Aún puede haber algo peor: cuando un sistema perverso, resta
en primer lugar, cualquier posibilidad al desarrollo de una “Cultura expansiva”
para el ser humano: es la época del relativismo para el que cualquier forma de “cultura”
es buena: leer a los clásicos y meditar sobre ellos sería tan provechoso y
estaría al mismo nivel que el noble arte de liarse un canuto y quedarse
empanado. Y a esa primera fase de “aculturización”
se une otra que es la de castración de los instintos: cualquier mamífero tiene
instinto territorial (necesita una zona que considere suya y en la que se mueva
en exclusiva), tiene instinto de reproducción (además del placer que genera la sexualidad,
garantiza la supervivencia de la especie), tiene instinto de agresividad (que
le garantiza la supervivencia personal y la respuesta contra desafíos que ponen
en peligro a su familia, a su especie o a sí mismo)… Pues bien, en el momento actual,
el ser humano, gracias a las “ideologías de género”, gracias a las últimas
consecuencias del “humanismo” (pacifismo, antimilitarismo, igualitarismo, etc)
está experimentando una época de castración y adormecimiento de los instintos.
Diariamente vemos a nuestros vecinos y en nuestro entorno a gentes que no
reaccionan ante problemas que comprometen la supervivencia de lo humano y que
parecen no entender ninguno de los instintos que acompañan a todo lo que es “biológico”.
En drama de nuestro
tiempo es que se ha perdido, no solamente el sentido de lo que es “la verdadera
cultura”, sino también se ha renunciado a los “instintos biológicos” que
garantizarían la supervivencia de lo humano.
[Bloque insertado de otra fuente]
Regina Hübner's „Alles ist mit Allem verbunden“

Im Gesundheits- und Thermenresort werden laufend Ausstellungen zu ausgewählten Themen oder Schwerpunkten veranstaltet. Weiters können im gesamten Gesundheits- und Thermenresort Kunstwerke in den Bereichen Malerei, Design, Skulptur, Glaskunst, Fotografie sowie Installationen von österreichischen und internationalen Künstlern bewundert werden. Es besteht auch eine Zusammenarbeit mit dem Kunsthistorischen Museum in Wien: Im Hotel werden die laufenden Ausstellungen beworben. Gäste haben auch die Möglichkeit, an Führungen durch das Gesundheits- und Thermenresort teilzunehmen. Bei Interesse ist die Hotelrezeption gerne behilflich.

De ahí que la humanidad del
siglo XXI ya no pueda estar regida por el humanismo iniciado en el siglo XV. Pero
cuando se trata de superar esta orientación aparecen dos fenómenos: el post-humanismo y el trans-humanismo.
Es decir, lo que sucederá al humanismo como concepción del mundo, o bien lo que
tratará de redimensionar a lo humano. Dicho de otra manera: el humanismo puede ser superado “por arriba”
o “por abajo”, hacia formas superiores de pensamiento y organización o bien
hacia formas inferiores. La polémica del siglo XXI será entre ambas
posiciones y de lo que me quejo es de que cada vez, los centros de la “intelligentsia” globalizada hablen más
y más de “trans-humanismo”, pero nada de post-humanismo.